ASSIGNED TASK. Below are some records. Return exactly their lines from the one containing "Jenny Samaniego, an" through the one containing "Mladý anglický umělec", and drop the pictures.
[DATA SUPPLIED Boundary: Start]
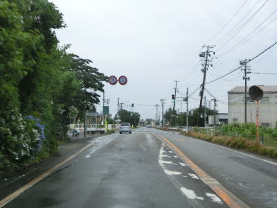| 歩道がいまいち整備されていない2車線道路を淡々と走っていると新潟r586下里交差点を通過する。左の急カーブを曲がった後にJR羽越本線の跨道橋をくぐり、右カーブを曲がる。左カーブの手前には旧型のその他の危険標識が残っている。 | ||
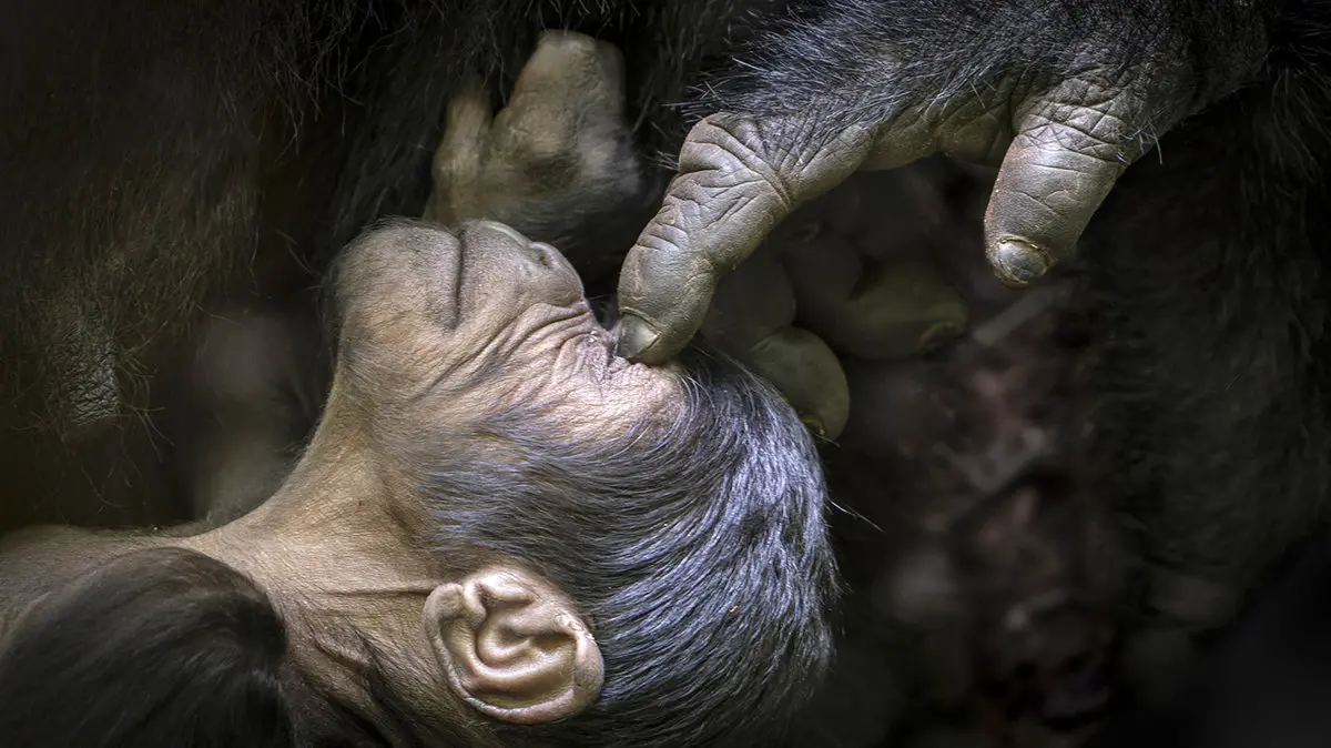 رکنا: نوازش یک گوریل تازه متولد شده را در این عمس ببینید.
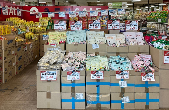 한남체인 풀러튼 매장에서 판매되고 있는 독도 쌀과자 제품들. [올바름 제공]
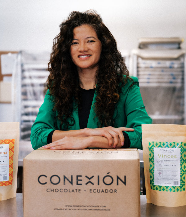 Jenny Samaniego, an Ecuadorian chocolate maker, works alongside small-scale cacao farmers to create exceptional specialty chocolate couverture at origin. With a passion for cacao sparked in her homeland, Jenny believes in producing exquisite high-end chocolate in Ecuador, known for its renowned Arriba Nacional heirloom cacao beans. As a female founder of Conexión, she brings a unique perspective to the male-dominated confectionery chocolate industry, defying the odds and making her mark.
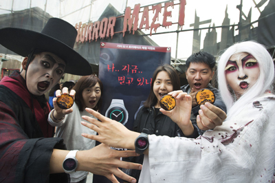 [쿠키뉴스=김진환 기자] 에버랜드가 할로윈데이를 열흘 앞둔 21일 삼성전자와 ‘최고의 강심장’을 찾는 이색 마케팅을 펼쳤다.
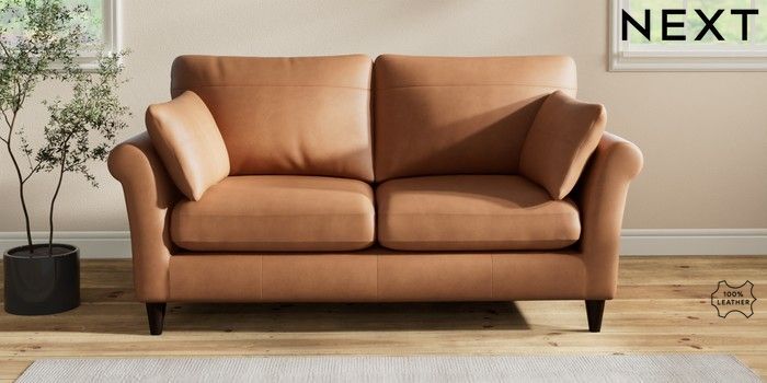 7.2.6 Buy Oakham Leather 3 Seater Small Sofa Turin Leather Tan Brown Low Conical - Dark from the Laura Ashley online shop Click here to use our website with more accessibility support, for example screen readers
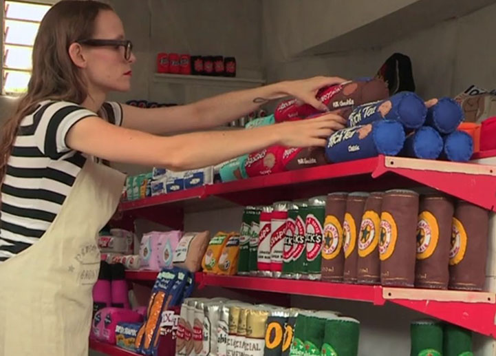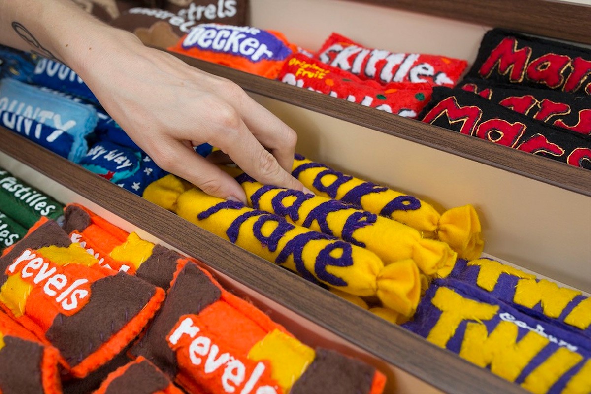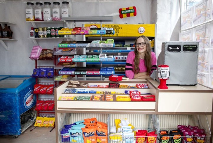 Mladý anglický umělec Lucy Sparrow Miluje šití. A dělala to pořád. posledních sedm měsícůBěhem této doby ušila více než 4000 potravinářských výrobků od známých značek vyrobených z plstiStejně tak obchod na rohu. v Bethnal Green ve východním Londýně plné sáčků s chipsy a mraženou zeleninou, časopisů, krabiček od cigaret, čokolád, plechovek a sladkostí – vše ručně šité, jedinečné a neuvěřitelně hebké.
[DATA SUPPLIED Boundary: End]
[DATA SUPPLIED Boundary: Start]
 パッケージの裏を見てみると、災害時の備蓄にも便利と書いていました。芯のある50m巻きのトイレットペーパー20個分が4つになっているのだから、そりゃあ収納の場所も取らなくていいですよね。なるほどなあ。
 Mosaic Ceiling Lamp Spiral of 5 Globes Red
[DATA SUPPLIED Boundary: End]
[DATA SUPPLIED Boundary: Start]
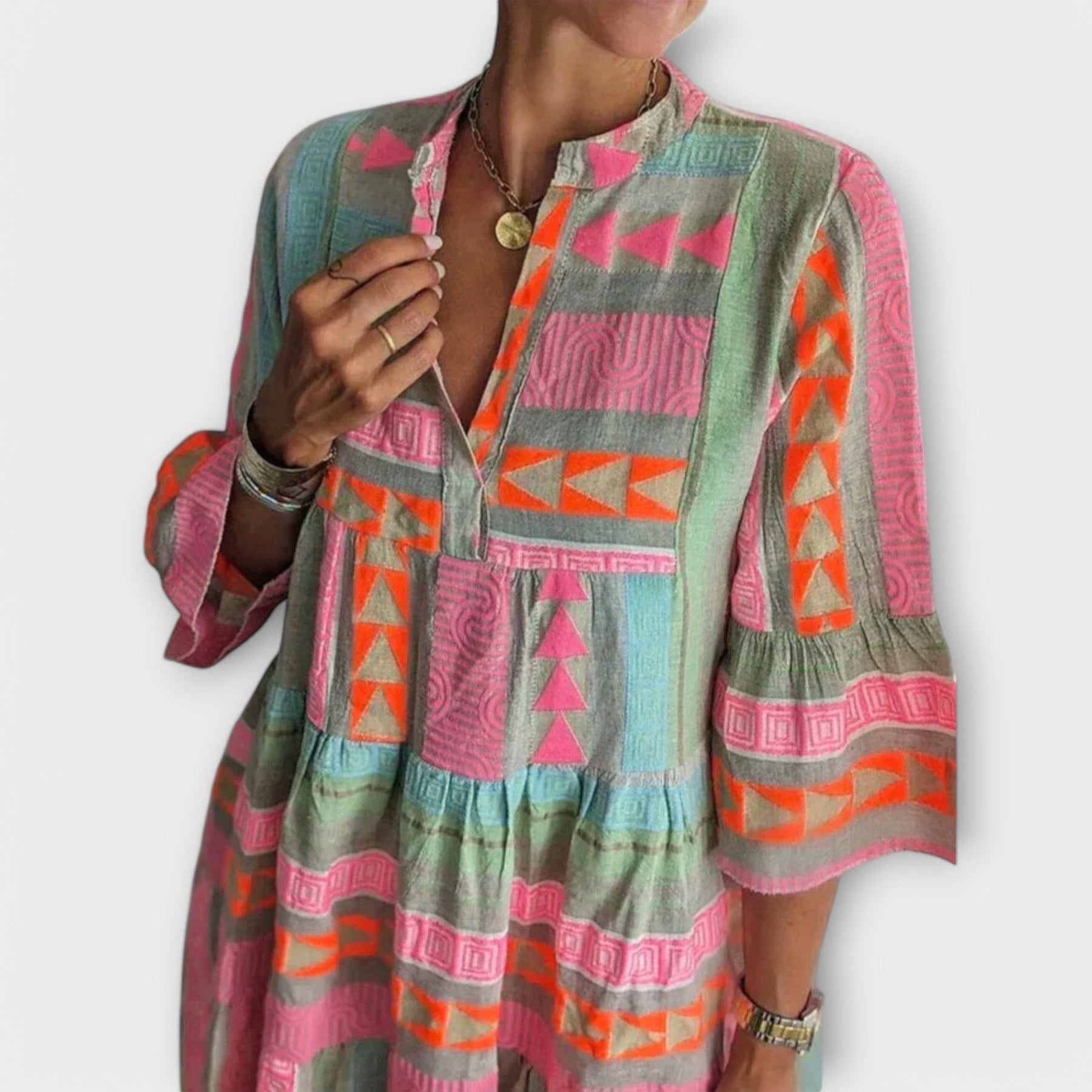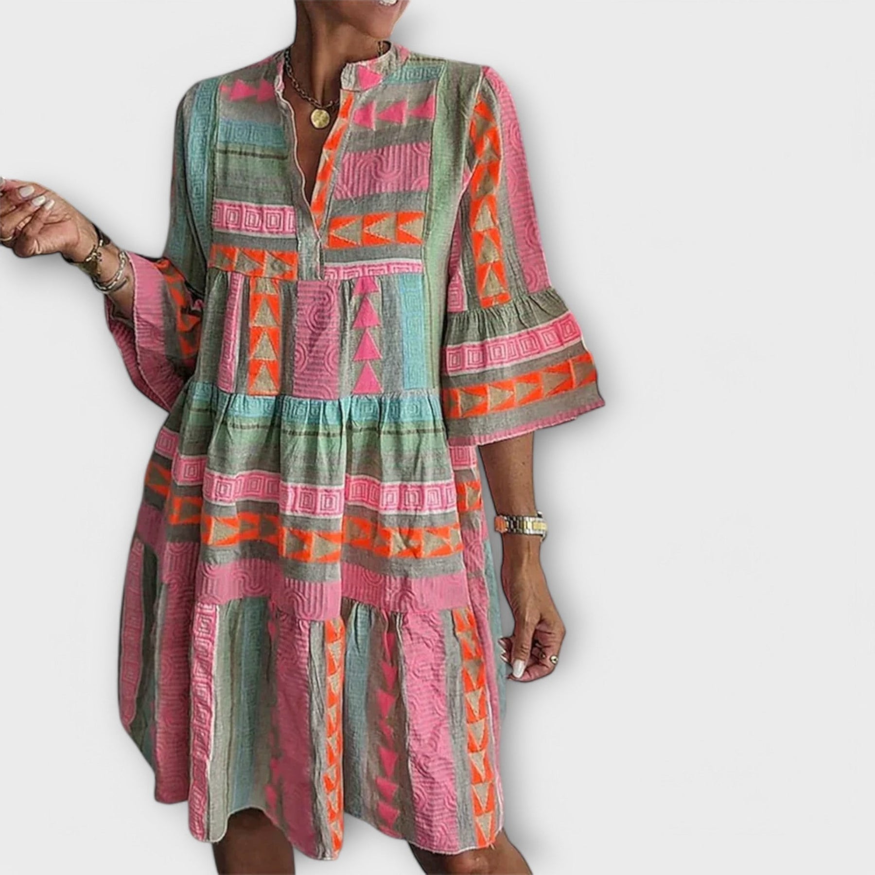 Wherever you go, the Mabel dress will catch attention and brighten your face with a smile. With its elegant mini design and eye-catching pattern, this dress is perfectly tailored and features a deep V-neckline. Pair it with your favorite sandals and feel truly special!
[DATA SUPPLIED Boundary: End]
EXERCISE SOLUTION.
 Jenny Samaniego, an Ecuadorian chocolate maker, works alongside small-scale cacao farmers to create exceptional specialty chocolate couverture at origin. With a passion for cacao sparked in her homeland, Jenny believes in producing exquisite high-end chocolate in Ecuador, known for its renowned Arriba Nacional heirloom cacao beans. As a female founder of Conexión, she brings a unique perspective to the male-dominated confectionery chocolate industry, defying the odds and making her mark.
 [쿠키뉴스=김진환 기자] 에버랜드가 할로윈데이를 열흘 앞둔 21일 삼성전자와 ‘최고의 강심장’을 찾는 이색 마케팅을 펼쳤다.
 7.2.6 Buy Oakham Leather 3 Seater Small Sofa Turin Leather Tan Brown Low Conical - Dark from the Laura Ashley online shop Click here to use our website with more accessibility support, for example screen readers
 Mladý anglický umělec Lucy Sparrow Miluje šití. A dělala to pořád. posledních sedm měsícůBěhem této doby ušila více než 4000 potravinářských výrobků od známých značek vyrobených z plstiStejně tak obchod na rohu. v Bethnal Green ve východním Londýně plné sáčků s chipsy a mraženou zeleninou, časopisů, krabiček od cigaret, čokolád, plechovek a sladkostí – vše ručně šité, jedinečné a neuvěřitelně hebké.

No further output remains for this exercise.